*EXERCISE REQUIREMENTS*
Each line of the listing must be transcribed exactly, except for the images, which should be excluded.

*COLLECTED MATERIAL*
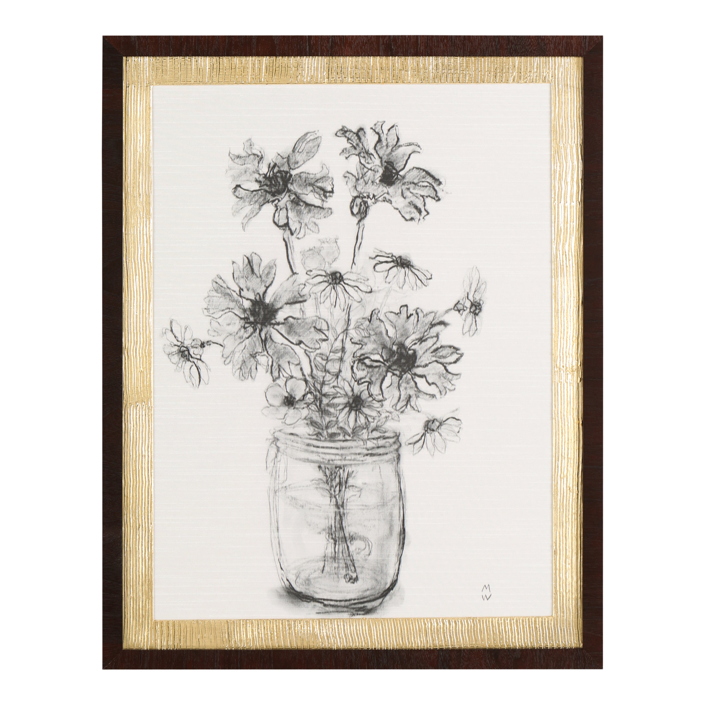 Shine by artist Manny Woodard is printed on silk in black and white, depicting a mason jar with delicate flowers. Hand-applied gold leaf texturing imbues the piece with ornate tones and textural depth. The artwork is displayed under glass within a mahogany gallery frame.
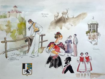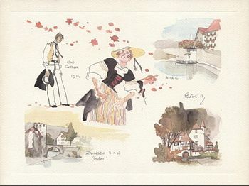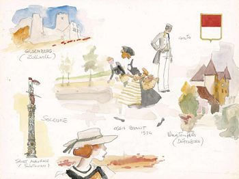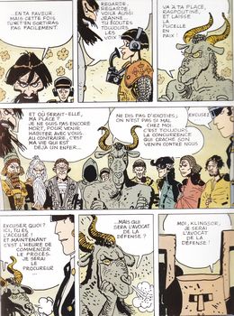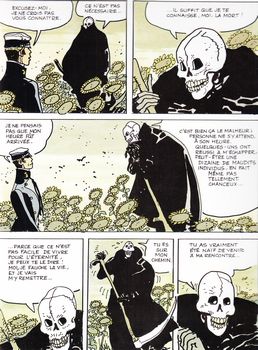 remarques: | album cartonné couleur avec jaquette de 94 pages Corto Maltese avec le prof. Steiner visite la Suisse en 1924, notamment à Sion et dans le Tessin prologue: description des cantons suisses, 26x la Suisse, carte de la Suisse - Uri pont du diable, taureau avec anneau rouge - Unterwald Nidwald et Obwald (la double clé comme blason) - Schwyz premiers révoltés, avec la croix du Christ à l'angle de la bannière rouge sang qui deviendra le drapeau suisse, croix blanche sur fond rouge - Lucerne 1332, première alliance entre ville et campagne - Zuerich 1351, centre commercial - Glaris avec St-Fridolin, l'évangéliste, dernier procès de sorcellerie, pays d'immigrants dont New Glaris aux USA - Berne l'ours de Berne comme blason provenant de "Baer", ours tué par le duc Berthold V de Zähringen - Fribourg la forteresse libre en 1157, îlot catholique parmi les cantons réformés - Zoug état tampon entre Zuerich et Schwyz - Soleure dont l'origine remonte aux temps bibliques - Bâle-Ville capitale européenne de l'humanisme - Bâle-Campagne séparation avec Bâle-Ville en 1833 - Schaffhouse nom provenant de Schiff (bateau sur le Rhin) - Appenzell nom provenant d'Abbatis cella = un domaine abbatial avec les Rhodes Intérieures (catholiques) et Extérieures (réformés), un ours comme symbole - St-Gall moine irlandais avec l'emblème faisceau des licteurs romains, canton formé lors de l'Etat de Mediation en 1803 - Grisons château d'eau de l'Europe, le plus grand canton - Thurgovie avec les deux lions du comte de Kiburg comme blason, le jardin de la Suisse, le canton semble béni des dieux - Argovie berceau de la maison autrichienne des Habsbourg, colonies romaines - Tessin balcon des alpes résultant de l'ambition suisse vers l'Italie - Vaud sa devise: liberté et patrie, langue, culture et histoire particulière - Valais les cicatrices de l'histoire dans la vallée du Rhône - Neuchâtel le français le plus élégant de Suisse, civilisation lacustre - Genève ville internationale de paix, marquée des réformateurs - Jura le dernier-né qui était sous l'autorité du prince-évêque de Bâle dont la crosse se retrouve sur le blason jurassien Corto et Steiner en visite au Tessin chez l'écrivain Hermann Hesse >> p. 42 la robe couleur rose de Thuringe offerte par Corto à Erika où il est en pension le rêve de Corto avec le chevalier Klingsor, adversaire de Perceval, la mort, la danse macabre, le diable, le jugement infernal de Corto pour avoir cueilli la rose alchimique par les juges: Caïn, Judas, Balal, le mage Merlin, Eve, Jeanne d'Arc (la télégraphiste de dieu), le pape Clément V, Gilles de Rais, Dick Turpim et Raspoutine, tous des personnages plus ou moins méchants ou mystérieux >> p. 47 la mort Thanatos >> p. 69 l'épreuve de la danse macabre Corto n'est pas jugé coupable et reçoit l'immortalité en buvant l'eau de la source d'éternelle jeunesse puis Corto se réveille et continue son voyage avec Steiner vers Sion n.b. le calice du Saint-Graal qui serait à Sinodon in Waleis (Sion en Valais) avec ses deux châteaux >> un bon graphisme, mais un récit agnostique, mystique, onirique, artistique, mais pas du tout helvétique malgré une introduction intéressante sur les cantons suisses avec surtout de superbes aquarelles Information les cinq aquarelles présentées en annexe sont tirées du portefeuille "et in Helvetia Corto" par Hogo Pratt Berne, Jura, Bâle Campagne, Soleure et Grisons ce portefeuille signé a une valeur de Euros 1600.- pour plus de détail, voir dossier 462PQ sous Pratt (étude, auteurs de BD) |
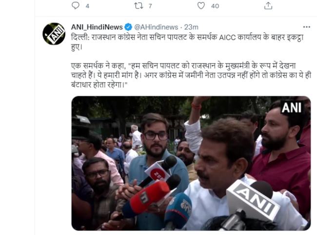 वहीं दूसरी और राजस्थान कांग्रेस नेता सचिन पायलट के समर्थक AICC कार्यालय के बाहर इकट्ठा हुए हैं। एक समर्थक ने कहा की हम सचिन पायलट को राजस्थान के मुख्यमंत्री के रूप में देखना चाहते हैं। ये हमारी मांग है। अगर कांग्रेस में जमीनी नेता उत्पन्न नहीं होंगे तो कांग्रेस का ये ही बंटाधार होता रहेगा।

*REPLY TO THE EXERCISE*
 Shine by artist Manny Woodard is printed on silk in black and white, depicting a mason jar with delicate flowers. Hand-applied gold leaf texturing imbues the piece with ornate tones and textural depth. The artwork is displayed under glass within a mahogany gallery frame.
 remarques: | album cartonné couleur avec jaquette de 94 pages Corto Maltese avec le prof. Steiner visite la Suisse en 1924, notamment à Sion et dans le Tessin prologue: description des cantons suisses, 26x la Suisse, carte de la Suisse - Uri pont du diable, taureau avec anneau rouge - Unterwald Nidwald et Obwald (la double clé comme blason) - Schwyz premiers révoltés, avec la croix du Christ à l'angle de la bannière rouge sang qui deviendra le drapeau suisse, croix blanche sur fond rouge - Lucerne 1332, première alliance entre ville et campagne - Zuerich 1351, centre commercial - Glaris avec St-Fridolin, l'évangéliste, dernier procès de sorcellerie, pays d'immigrants dont New Glaris aux USA - Berne l'ours de Berne comme blason provenant de "Baer", ours tué par le duc Berthold V de Zähringen - Fribourg la forteresse libre en 1157, îlot catholique parmi les cantons réformés - Zoug état tampon entre Zuerich et Schwyz - Soleure dont l'origine remonte aux temps bibliques - Bâle-Ville capitale européenne de l'humanisme - Bâle-Campagne séparation avec Bâle-Ville en 1833 - Schaffhouse nom provenant de Schiff (bateau sur le Rhin) - Appenzell nom provenant d'Abbatis cella = un domaine abbatial avec les Rhodes Intérieures (catholiques) et Extérieures (réformés), un ours comme symbole - St-Gall moine irlandais avec l'emblème faisceau des licteurs romains, canton formé lors de l'Etat de Mediation en 1803 - Grisons château d'eau de l'Europe, le plus grand canton - Thurgovie avec les deux lions du comte de Kiburg comme blason, le jardin de la Suisse, le canton semble béni des dieux - Argovie berceau de la maison autrichienne des Habsbourg, colonies romaines - Tessin balcon des alpes résultant de l'ambition suisse vers l'Italie - Vaud sa devise: liberté et patrie, langue, culture et histoire particulière - Valais les cicatrices de l'histoire dans la vallée du Rhône - Neuchâtel le français le plus élégant de Suisse, civilisation lacustre - Genève ville internationale de paix, marquée des réformateurs - Jura le dernier-né qui était sous l'autorité du prince-évêque de Bâle dont la crosse se retrouve sur le blason jurassien Corto et Steiner en visite au Tessin chez l'écrivain Hermann Hesse >> p. 42 la robe couleur rose de Thuringe offerte par Corto à Erika où il est en pension le rêve de Corto avec le chevalier Klingsor, adversaire de Perceval, la mort, la danse macabre, le diable, le jugement infernal de Corto pour avoir cueilli la rose alchimique par les juges: Caïn, Judas, Balal, le mage Merlin, Eve, Jeanne d'Arc (la télégraphiste de dieu), le pape Clément V, Gilles de Rais, Dick Turpim et Raspoutine, tous des personnages plus ou moins méchants ou mystérieux >> p. 47 la mort Thanatos >> p. 69 l'épreuve de la danse macabre Corto n'est pas jugé coupable et reçoit l'immortalité en buvant l'eau de la source d'éternelle jeunesse puis Corto se réveille et continue son voyage avec Steiner vers Sion n.b. le calice du Saint-Graal qui serait à Sinodon in Waleis (Sion en Valais) avec ses deux châteaux >> un bon graphisme, mais un récit agnostique, mystique, onirique, artistique, mais pas du tout helvétique malgré une introduction intéressante sur les cantons suisses avec surtout de superbes aquarelles Information les cinq aquarelles présentées en annexe sont tirées du portefeuille "et in Helvetia Corto" par Hogo Pratt Berne, Jura, Bâle Campagne, Soleure et Grisons ce portefeuille signé a une valeur de Euros 1600.- pour plus de détail, voir dossier 462PQ sous Pratt (étude, auteurs de BD) |
 वहीं दूसरी और राजस्थान कांग्रेस नेता सचिन पायलट के समर्थक AICC कार्यालय के बाहर इकट्ठा हुए हैं। एक समर्थक ने कहा की हम सचिन पायलट को राजस्थान के मुख्यमंत्री के रूप में देखना चाहते हैं। ये हमारी मांग है। अगर कांग्रेस में जमीनी नेता उत्पन्न नहीं होंगे तो कांग्रेस का ये ही बंटाधार होता रहेगा।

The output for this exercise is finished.